**Instructions for the task:**
Copy the lines from the start of the records below through the line containing "Keywords: sunset lighthouse", both included, and leave out the pictures.

Supplied records below:

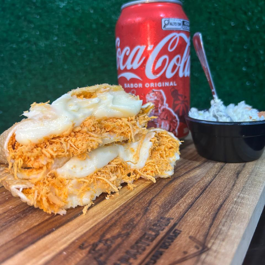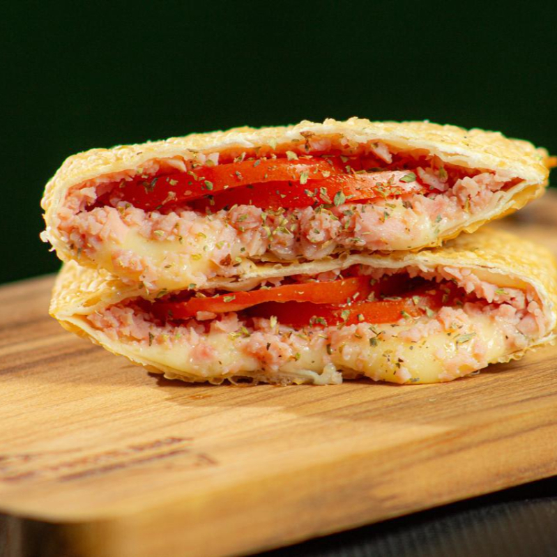 Frango, Milho, Carne, Ovo, Cheddar, Catupiry. (32cm ABERTO/ 16cm FECHADO)
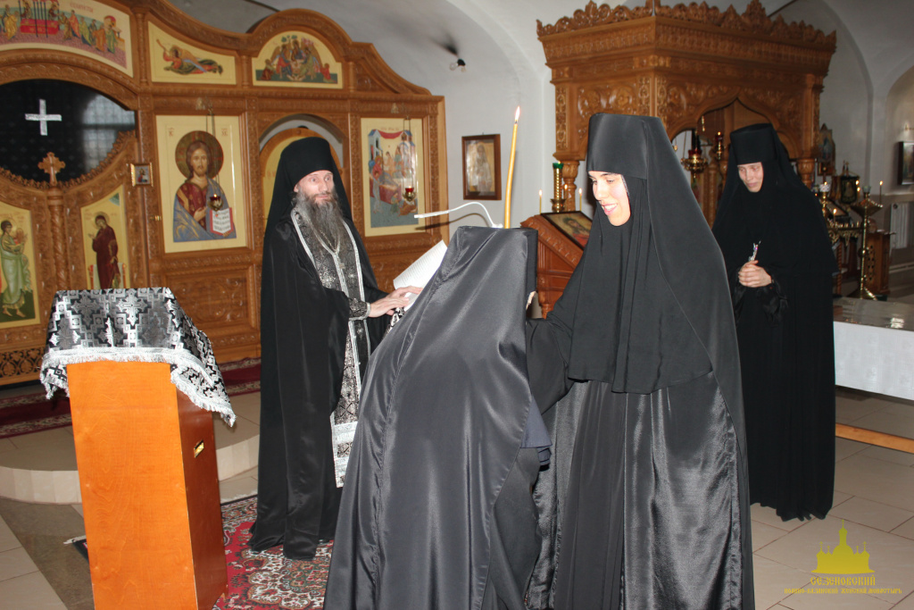 Совершив все последование пострига, иеромонах Иоанн поздравил Матушку игумению с пополнением сестричества монастыря - с новым воином Христовым, а новопостриженной сестре пожелал до своей кончины соблюдать те обещания, которые она принесла перед Святым Алтарем, поздравив ее с «началом иного жития».
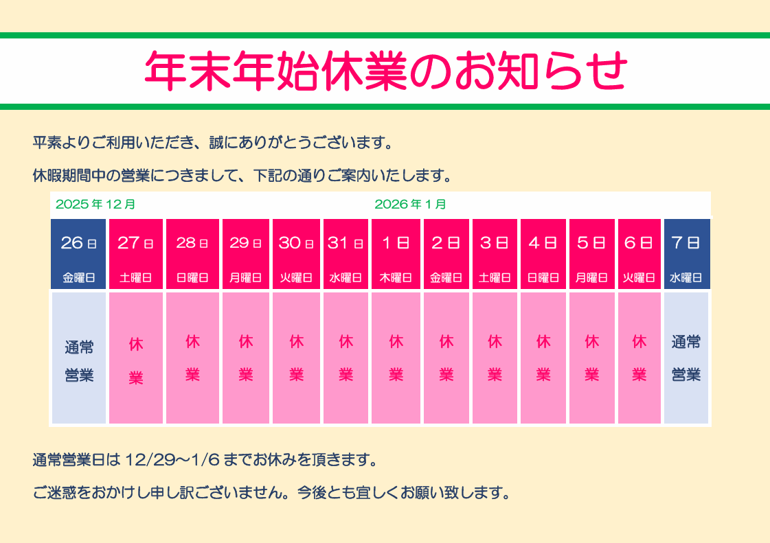 休業期間:2025年12月27日(土)~2026年1月6日(火)
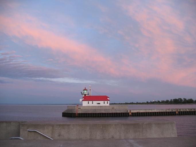 Keywords: sunset lighthouse sky coastline navigation maritime architecture beacon blue pink lake superior michigan
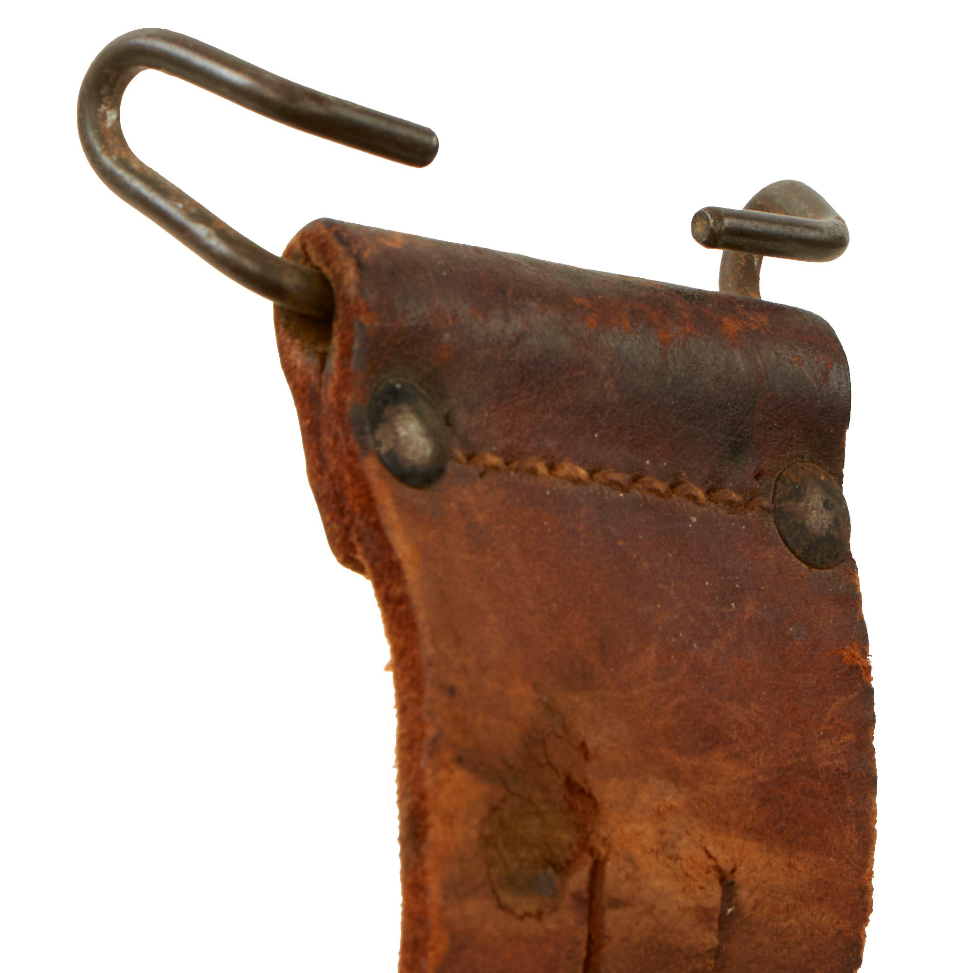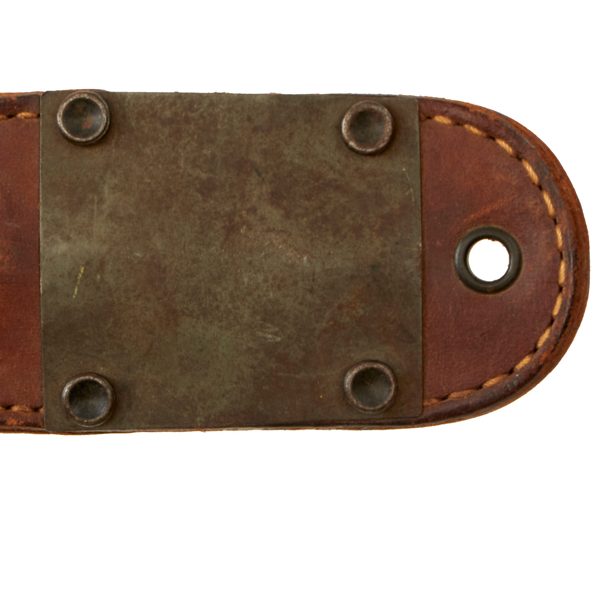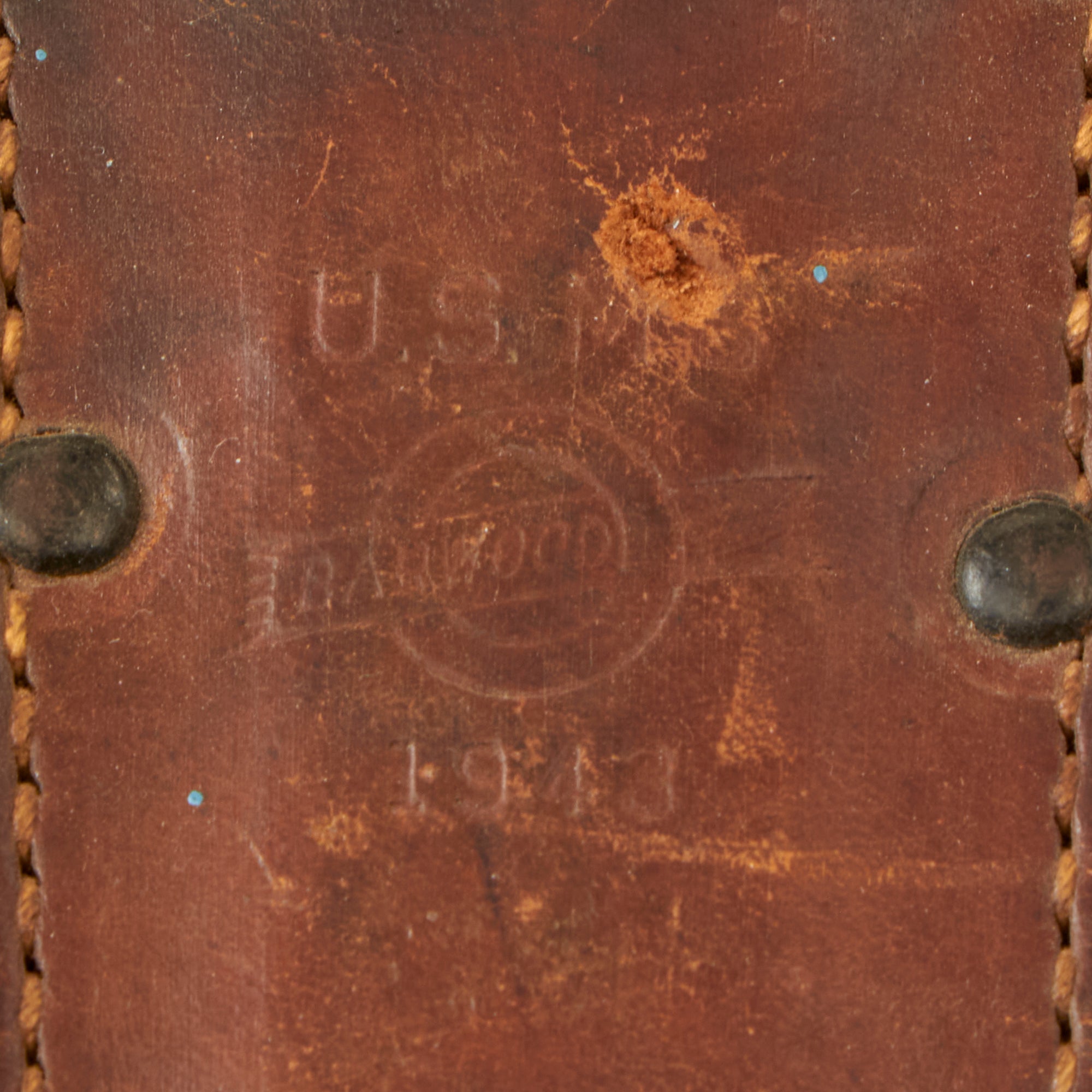 The original scabbard is marked, U.S. M6 / BARWOOD / 1943, and is in good condition, retaining its belt attachment. It has a lovely aged leather look, with a bit of cracking and dry rot in places. The securing strap is very delicate, and there is cracking near the scabbard throat. This is the original scabbard designed for this knife, which was then replaced with the Fiberglass M8/M8A1 scabbards, which were also used with the M4 bayonet. The rivets holding the metal plate on the bottom are all intact. The name Cain is written on the belt attachment.
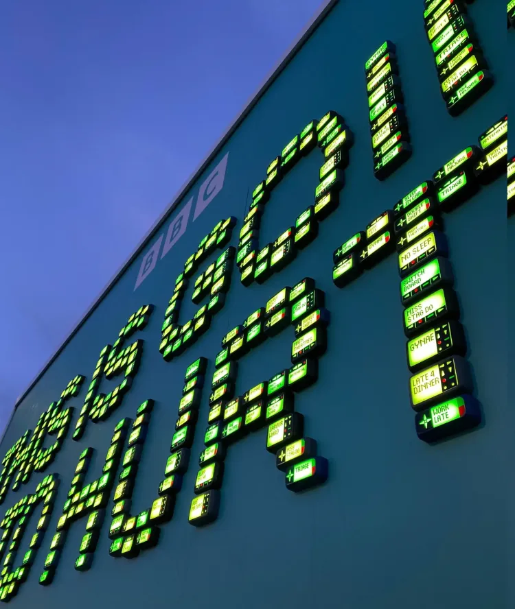 而早在今年2月剧集刚上线的时候,BBC Creative则用了LED灯和扬声器所模拟的传呼机组成了剧名,当夜幕降临时,荧幕还会发出荧光黄、绿色的光,字体看起来显眼、突兀,从视觉给人一种紧张感。

End of Supplied records.

**Problem solution:**
 Frango, Milho, Carne, Ovo, Cheddar, Catupiry. (32cm ABERTO/ 16cm FECHADO)
 Совершив все последование пострига, иеромонах Иоанн поздравил Матушку игумению с пополнением сестричества монастыря - с новым воином Христовым, а новопостриженной сестре пожелал до своей кончины соблюдать те обещания, которые она принесла перед Святым Алтарем, поздравив ее с «началом иного жития».
 休業期間:2025年12月27日(土)~2026年1月6日(火)
 Keywords: sunset lighthouse sky coastline navigation maritime architecture beacon blue pink lake superior michigan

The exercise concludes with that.